Extend the square pattern of 8 black and 17 white square tiles by attaching a border of black tiles around the square. What is the ratio of black tiles to white tiles in the extended pattern?
$\textbf{(A) }8:17 \qquad\textbf{(B) }25:49 \qquad\textbf{(C) }36:25 \qquad\textbf{(D) }32:17 \qquad\textbf{(E) }36:17$
$\textbf{D}$
The extended pattern is made up of $7\times7=49$ tiles. Since 17 of them are white, the number of black tiles is $49-17=32$. So the ratio of black tiles to white tiles is $32:17$.
Here is a list of the numbers of fish that Tyler caught in nine outings last summer:\[2,0,1,3,0,3,3,1,2.\]Which statement about the mean, median, and mode is true?
$\textbf{(A) }\text{median} < \text{mean} < \text{mode} \qquad\newline$
$\textbf{(B) }\text{mean} < \text{mode} < \text{median}\newline$
$\textbf{(C) }\text{mean} < \text{median} < \text{mode} \qquad \newline$
$\textbf{(D) }\text{median} < \text{mode} < \text{mean}\newline$
$\textbf{(E) }\text{mode} < \text{median} < \text{mean}$
$\textbf{C}$
We can rearrange the list in increasing order: $$0,0,1,1,2,2,3,3,3$$ The mean is $\dfrac{0+0+1+1+2+2+3+3+3}{9} = \dfrac{15}{9},$ the median is $2,$ and the mode is $3.$ So the answer is $\text{mean} < \text{median} < \text{mode}$.
What time was it $2011$ minutes after midnight on January 1, 2011?

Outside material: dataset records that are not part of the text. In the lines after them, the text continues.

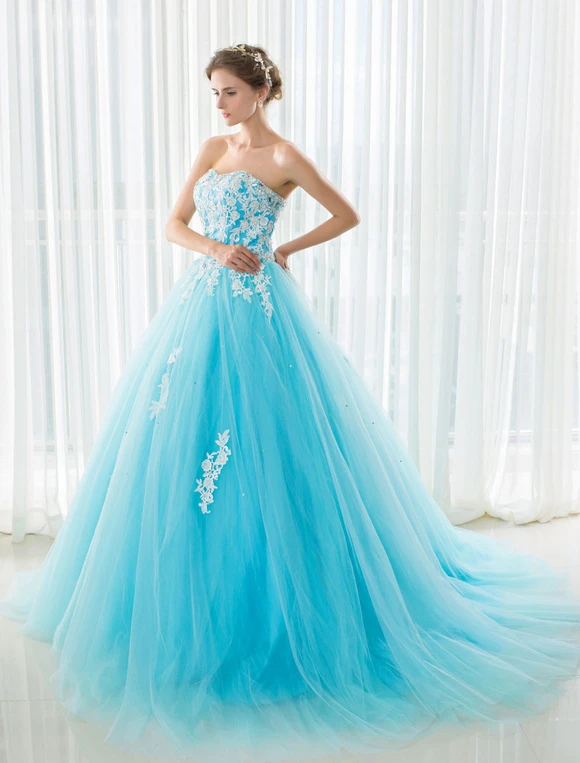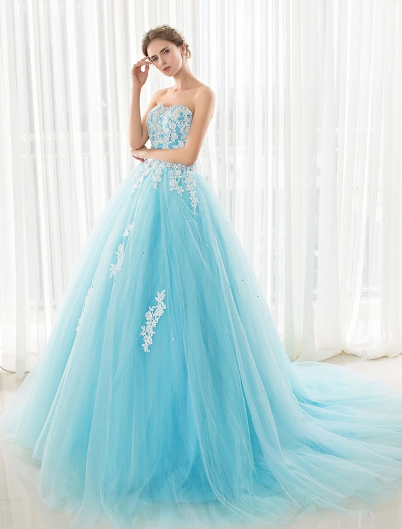 Blue Wedding Dress Lace Applique Tulle Court Train Strapless Sweetheart Lace-Up A-Line Bridal Gown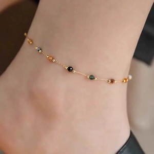 ビーズ天然石アンクレット【ゴールド】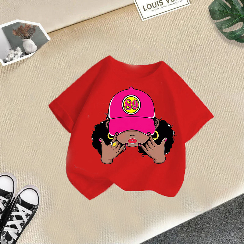 • 로즈 레드 블랙 문자 핑크 모자 소녀 반팔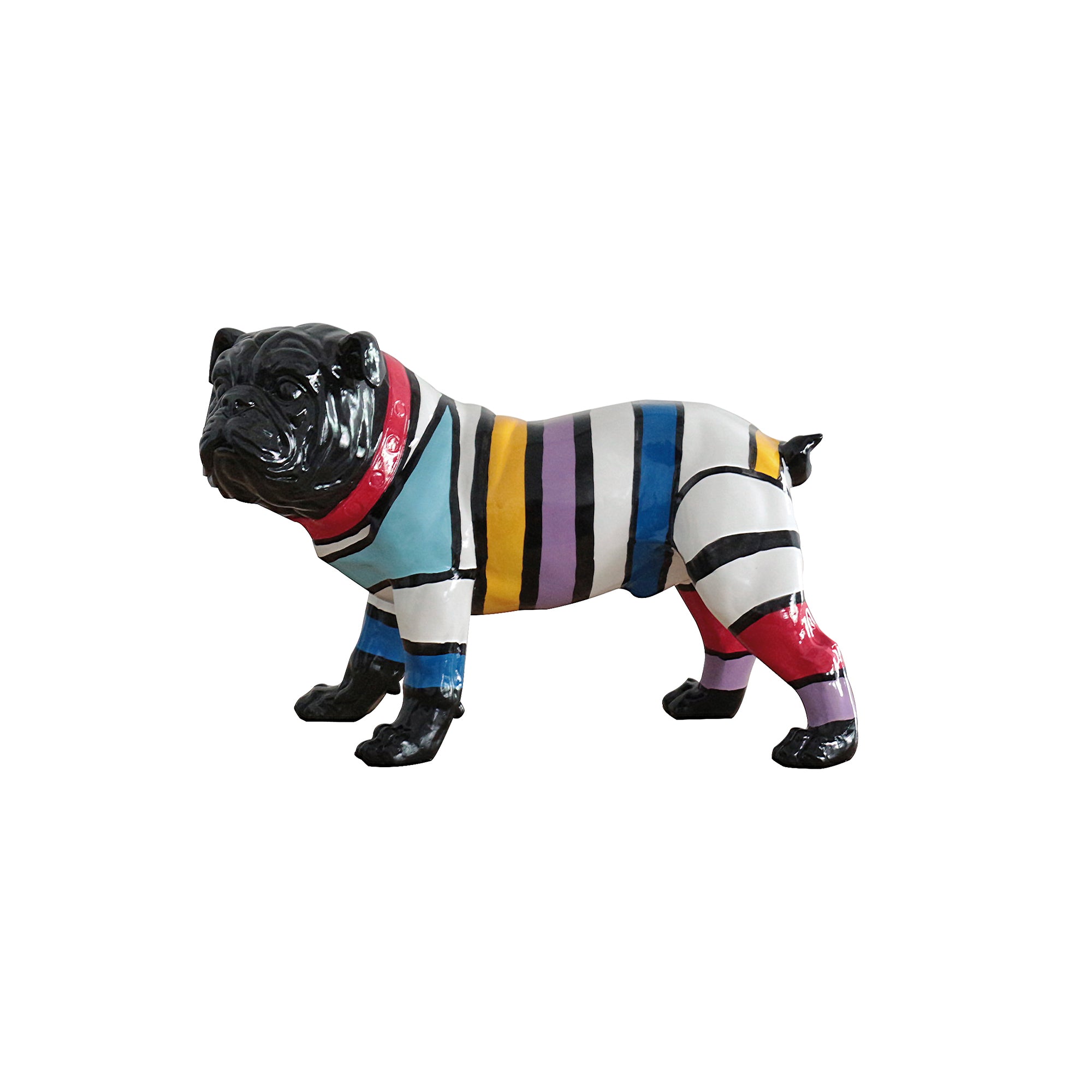 Scultura di stile moderno realizzata da molto esperti artigiani del settore attraverso l’utilizzo di una poliresina molto resistente. La struttura raffigura un cane dal volto nero ed il corpo variopinto da mille colori molto intensi e accesi utilizzati proprio per esaltare la modernità della scultura e tutta la bellezza che mostra nell’ambiente di installazione.

$\textbf{(A) }\text{January 1 at 9:31 PM}\newline$
$\textbf{(B) }\text{January 1 at 11:51 PM}\newline$
$\textbf{(C) }\text{January 2 at 3:11 AM}\newline$
$\textbf{(D) }\text{January 2 at 9:31 AM}\newline$
$\textbf{(E) }\text{January 2 at 6:01 PM}$
$\textbf{D}$
By converting $2011\ \text{minutes}=33\ \text{hours and } 31\ \text{minutes}=1\ \text{day}+ 9\ \text{hours and } 31\ \text{minutes}$, we get the answer $\text{January 2 at 9:31 AM}$.

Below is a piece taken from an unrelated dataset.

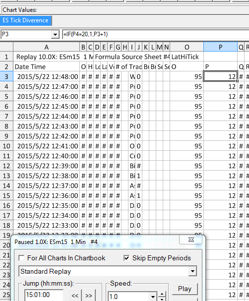 Hello; I am using SC spreadsheet for trading. I'm using version 1258. In the old spreadsheets. This is on a one minute chart. In cell p3, this formula =IF(P4=20,1,P3+1), I would have expected to count on each new row of data, instead, it updates it seems every time the data changes on the chart. 10-20 times per minute. Another issue is that in the following columns, I don't see a counting on each row, but a repeat of the same number that changes in cell p3, again 10-20 times per minute. |

In a town of 351 adults, every adult owns a car, motorcycle, or both. If 331 adults own cars and 45 adults own motorcycles, how many of the car owners do not own a motorcycle?

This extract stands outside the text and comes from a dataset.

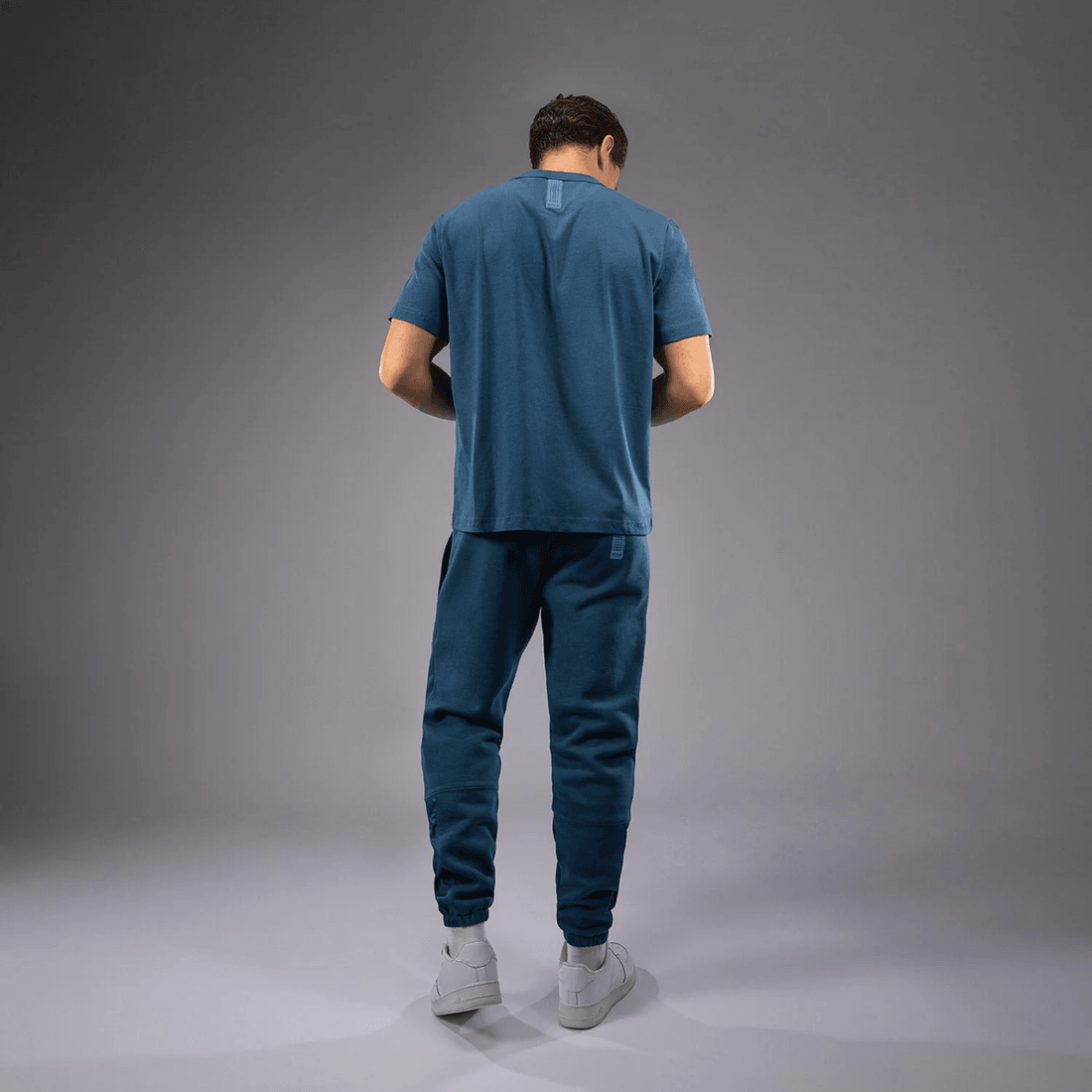 - smalka Zīmola Identitāte: Izbaudiet Mazu Tonālu Logotipu Krūtīs Un Logotipa Motīvu Kakla Aizmugurē.

$\textbf{(A) }20 \qquad\textbf{(B) }25 \qquad\textbf{(C) }45 \qquad\textbf{(D) }306 \qquad\textbf{(E) }351$
$\textbf{D}$
The number of adults who own both cars and motorcycles is $331+45-351=25$. So the number of adult who own cars but not motorcycles is $331-25=306$.
Each of the following four large congruent squares is subdivided into combinations of congruent triangles or rectangles and is partially bolded. What percent of the total area is partially bolded?
$\textbf{(A)}12\dfrac{1}{2}\qquad\textbf{(B)}20\qquad\textbf{(C)}25\qquad\textbf{(D)}33\dfrac{1}{3}\qquad\textbf{(E)}37\dfrac{1}{2}$
$\textbf{C}$
The ratios of bolded area in each figure are $\dfrac14$, $\dfrac18$, $\dfrac38$, and $\dfrac14$. So the percentage of the total bolded area is the average $\dfrac14\times\left(\dfrac14+\dfrac18+\dfrac38+\dfrac14\right)=\dfrac14=25\%$.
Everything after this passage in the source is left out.